BallerinaBetty Sun 24-Jul-11 09:38:18

Happy happy birthday to your DC!!

Hon you sound so much like me. I've only just resumed tentative contact with my family after challenging them over making me the scapegoat and the violence I suffered. But throughout the estrangement my mum did at least acknowledge my dcs birthdays.

My DHs family are another matter. All we had was a message posted on FB wishing them a happy birthday from DHs sister (my children are too young for FB!). No cards, phone calls or anything - as you say its not about presents its just acknowledging their existence. We've just decided we will reciprocate with the FB thing when its nieces birthdays and I'm not going to stress about getting them presents and posting them like I usually do.

I know that its sad and it is really really difficult but I promise you that your dc won't really feel they are missing out because they are surrounded by love from those that count.

WhoseGotMyEyebrows Sun 24-Jul-11 18:57:51

Aah that's terrible! Sounds like although you thought things had blown over from last year, your family don't feel the same. What happened exactly?

As for your DHs family, if I were you I wouldn't buy for the kids in his family if they don't celebrate birthdays and so don't buy for yours. It's not about buying to get something back but just about equality.

saladsandwich Sun 24-Jul-11 19:56:17

yanbu at all. 1 of my brothers has 3 children i use to buy presents for all their birthdays, even looked after them 4 days a week while they worked, comes to my ds's birthday/christmas and he got nothing, i still send their children cards but that is it xx

onebigchocolatemess Sun 24-Jul-11 21:54:57

all my grandparents had died before I could remember them, and only had one uncle growing up and it never did me any harm wink [cliche icon]

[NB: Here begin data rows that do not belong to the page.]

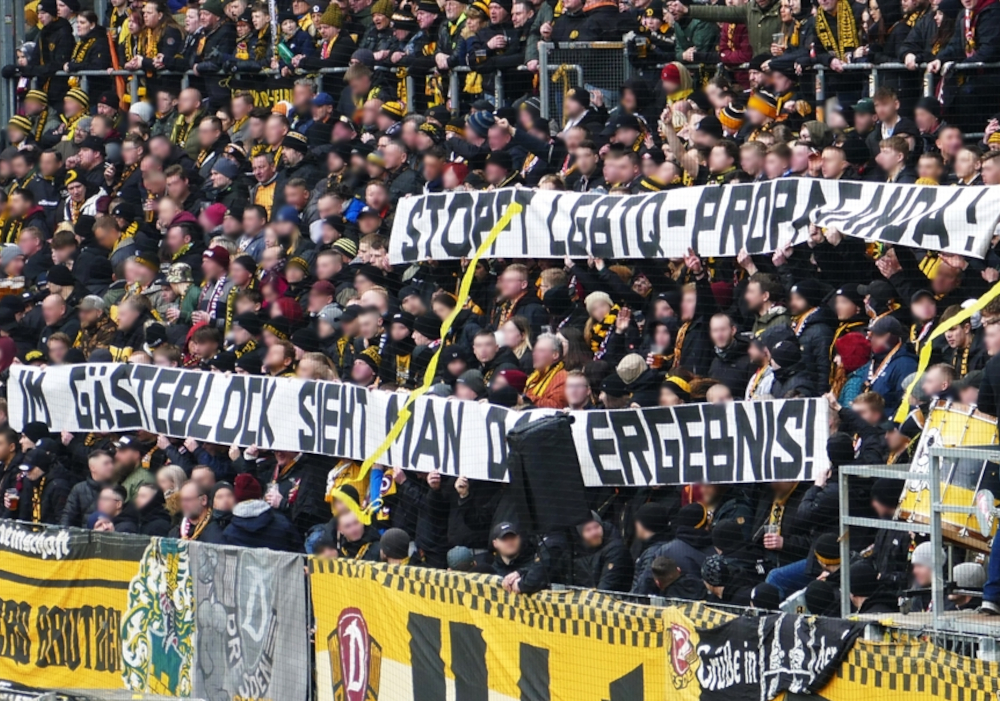 Am Samstag wurde beim Derby zwischen Dynamo Dresden und dem FC Erzgebirge Aue ein Spruchband mit LGBTQ-feindlichem Inhalt im K-Block präsentiert. Die SG Dynamo Dresden nahm am heutigen Montag Stellung zu dem Plakat und distanzierte sich von dem gezeigten Inhalt.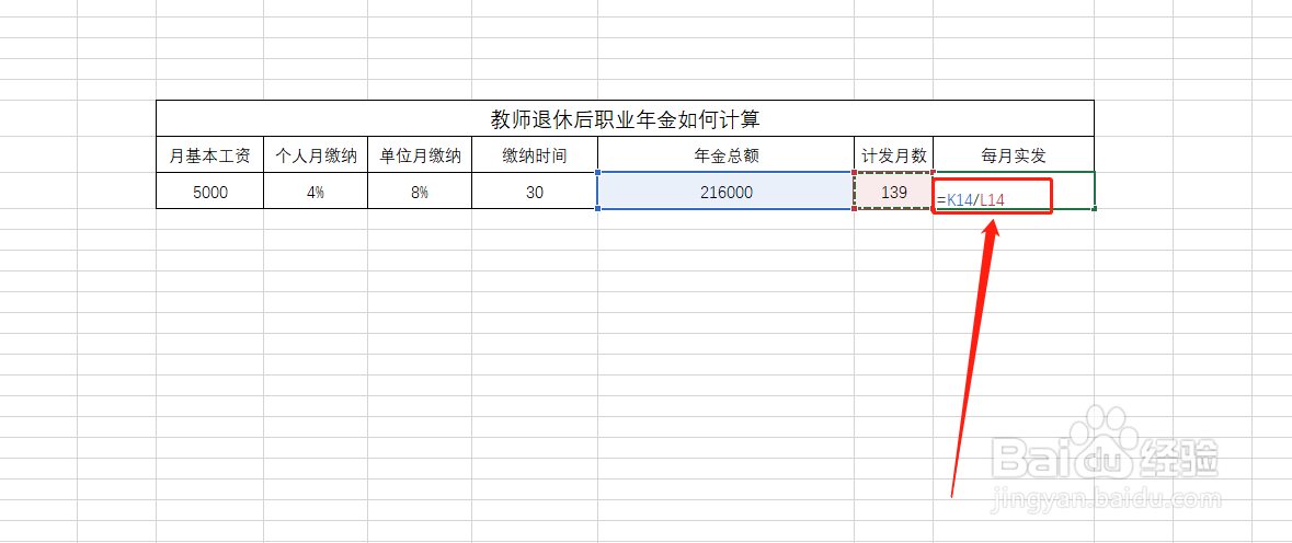 5、在“计发月数”和每月实发中填写数据,其中国家规定的计发月数为60岁退休是139个月,55岁退休是170个月。每月实发中写入公式:=K14/L14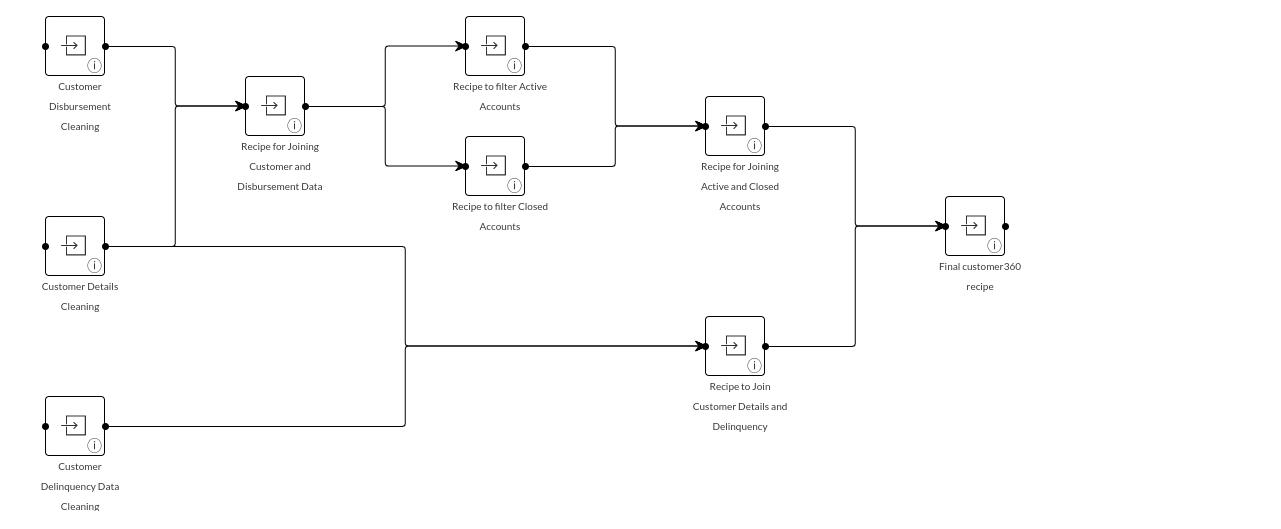 The Recipe flow is the visual representation of the steps created inside a recipe. It will simplify your understanding of the steps created. In some cases there may be multiple join tables , filter records or Groupby and Aggregate used in the flow which requires some understanding even for the one creating the workflow. The recipe flow will help you understand the step flow and also helpful to one understanding the workflow steps. Recipe flow as you can see will be in a micro level.

what they don't know they can't miss, and friends replace 'aunty's' and 'uncle's'

choose them instead grin

happy birthday DC4!

spiderpig8 Sun 24-Jul-11 21:57:37

Do you send cards and presents to all your nephews and nieces?

spiderpig8 Sun 24-Jul-11 21:59:32

He's your gorgeous darling PFB TO YOU.But your parents have had 7 childtren and presumably have lots of grandkids, they probably feel they've been there done that & bought the Tshirt.

snippywoo2 Sun 24-Jul-11 22:18:57

I think you just need to try and let go of the past and move on. Make your own little family your point of focus and forget and about the rest of them. The most important thing to your kids is that you and your DH love them and from what you have said they are better off not knowing the rest of your relatives anyway tbh. Hope dc4 has had a lovely day.